You could take the road of some XPers and call things "smells". Then if something doesn't stink quite as bad as something else, it doesn't "smell".

It is interesting that morality and ethics in this day and age are controversial and people can get all excited about others who may expose their repressed guilt. Billy Graham once said that we suffer from failing to live up to whatever morality we have accepted for ourselves. Perhaps that is why some find it convenient to dismiss any value concepts and accept instead a MoralAnarchy?.

It's not that morality and ethics are controversial, it's the imposing of your goofy morality on me that creates controversy.

-- AnonymousDonor

It is not an imposition of my morality on anyone. It rather a reminder of the place of a morality in a society which is to survive. When a society is influenced by the self-imposed morality of its members, it is much more likely to succeed. The only morality about which it can be said ItWorks, is a self-imposed and sustained morality. In that way you do not impose your morality as the standard for others, merely a standard for yourself. How much better it would be if we all would do this? Is it possible that we can do things which are opposed by no-one and are against no laws or moral principles, and still be happy? I think so.

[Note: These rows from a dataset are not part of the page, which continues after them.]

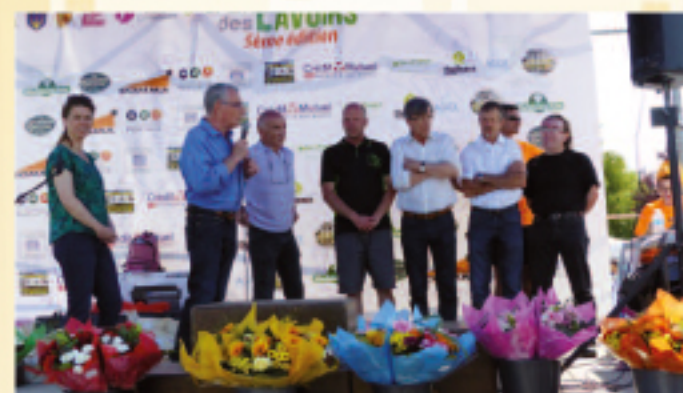
7 JUIN • Remise des prix à l'issue de la 5 e édition du Trail des Lavoirs (voir reportage p. 13).
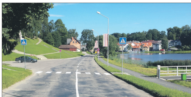
Pēc iedzīvotāju lūguma Talsos, Fabrikas ielā izveidota jauna gājēju pāreja
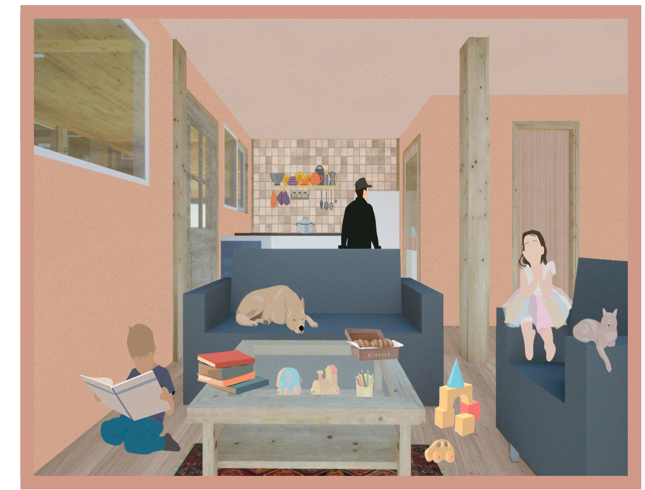
INTERIOR VIVIENDA El estar es el núcleo social de la vivienda, es un espacio de convergencia que permite que las familias compartan, estando tanto en la cocina como en el comedor.

''I misread your second sentence as [paraphrase] "the place of morality in society is to survive"; in other words, you meant society survives, but I heard that morality survives. Which brings up the question: is amorality considered moral/immoral (aka Good/Bad) by moral (not Good/Bad, but using those concepts) people? Or is that an amoral topic? Once you get a meta question they tend to breed...:/


Probably we have assumptions about good and bad. For some societies, living together with another person without marriage is morally wrong. On some it is accepted. Similarly, it might be that some civilizations have genocide/aggression tolerate both within and without. What we are arguing is only what we consider good or bad. I agree with the argument that Good and Bad is relative to the society/culture. -- VhIndukumar

It is apparent from history that societies and cultures who elevate what most consider bad and devalue at the same time those things most consider as good, do considerable damage and inflict suffering and destruction on many, but in the long run, they become self-destructive and either reform, disappear, are conquered or destroyed, or become insignificant.


Will a society ever evolve that encourages the murder of individuals by other individuals on a random or otherwise non-systematic way?

Possibly, although it's likely that its impact on other societies will be minimal, because it probably won't be able to stay cohesive for very long after it reaches that point. In other words, it may have already happened, but we probably wouldn't know about it except in archaeological terms.


It's as simple as this. Every "bad" thing you put up for example has an opposing argument. Rape is bad? Yes, to you. How about to the rapist? From his perspective it may well be a good thing. The point is, that which you consider bad is only bad because of the value YOU ascribe to it. What may be bad to you, may be good to another. You say genocide is decidedly bad thing. I bet you might get the opposite opinion if you were to ask one of the Jews in the concentration camps of world war II, where they watched their children gassed to death, then each other. Only to have the gold fillings yanked from their corpses to fund the German offensive. It's all about perspective. Without that jaded, subjective perspective, there is no good or bad.